Winter Sports
Ski Jumping: Nothing works at Wellinger: DSV eagles with tired wings
The German ski jumpers around a weak Olympic champion Andreas Wellinger have no chance in team flying in Vikersund. Norway celebrates the most superior victory in flight history.
Andreas Wellinger sneaked away tired, at the end of a long season, Pyeongchang’s golden boy couldn’t make it: The German ski jumpers clearly sailed past the podium during team flying in Vikersund, also because of a failure of the Olympic champion.
In the most superior ski flight victory in history through Norway, DSV eagles were only in fourth place with a huge deficit.
“Actually it shouldn’t be a matter of strength, I feel brutally fit”, said the helpless Wellinger on ARD, who lost 60 m to the best in both rounds on the Norwegian Monsterbakken. As only the German record holder Markus Eisenbichler fulfilled the expectations, national coach Werner Schuster made a destructive judgement.

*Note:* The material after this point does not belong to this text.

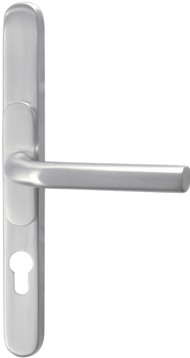
CH30089 59-96mm Centres - Polished Silver

“If Severin Freund, our best ski pilot, is injured at home and then Andreas Wellinger and Richard Freitag don’t show their best either, then we get a huge package here,” the German quartet was 70 metres behind third place.
World Champion Norway, for whom Robert Johansson achieved the longest flight of the day with 240.5 m, was ahead of Poland (1301.7) and Slovenia (1284.0) with 1567.3 points and a huge lead of 221 m (!) – after the first seven jumps the Norwegians had significantly more points than all other teams with eight. Germany came to 1200.0 points.
Wellinger (Ruhpolding) was the first German jumper to reach only 178.5 and 172.0 m, losing about 60 m each to the best pilots in his group. Karl Geiger (Oberstdorf) with an even weaker first run of 164.5 m and 195.5 m was also disappointing.
Eisenbichler (Siegsdorf) with a strong 237.5 and 225.5 m and the third at the World Championships Richard Freitag with 184.5 and 215.5 m in very bad wind conditions still ensured damage limitation.
Last year’s world record set by Austrian Stefan Kraft (253.5) at the same location was not at risk. Eisenbichler’s German record (248.0/Planica 2017) also remained untouched.
In the overall standings of the Raw Air series the Pole Kamil Stoch lost some of his lead, but still leads clearly in the fight for the 60,000 Euro victory bonus. On Sunday, five German jumpers are qualified for a single flight in Vikersund for the raw air final.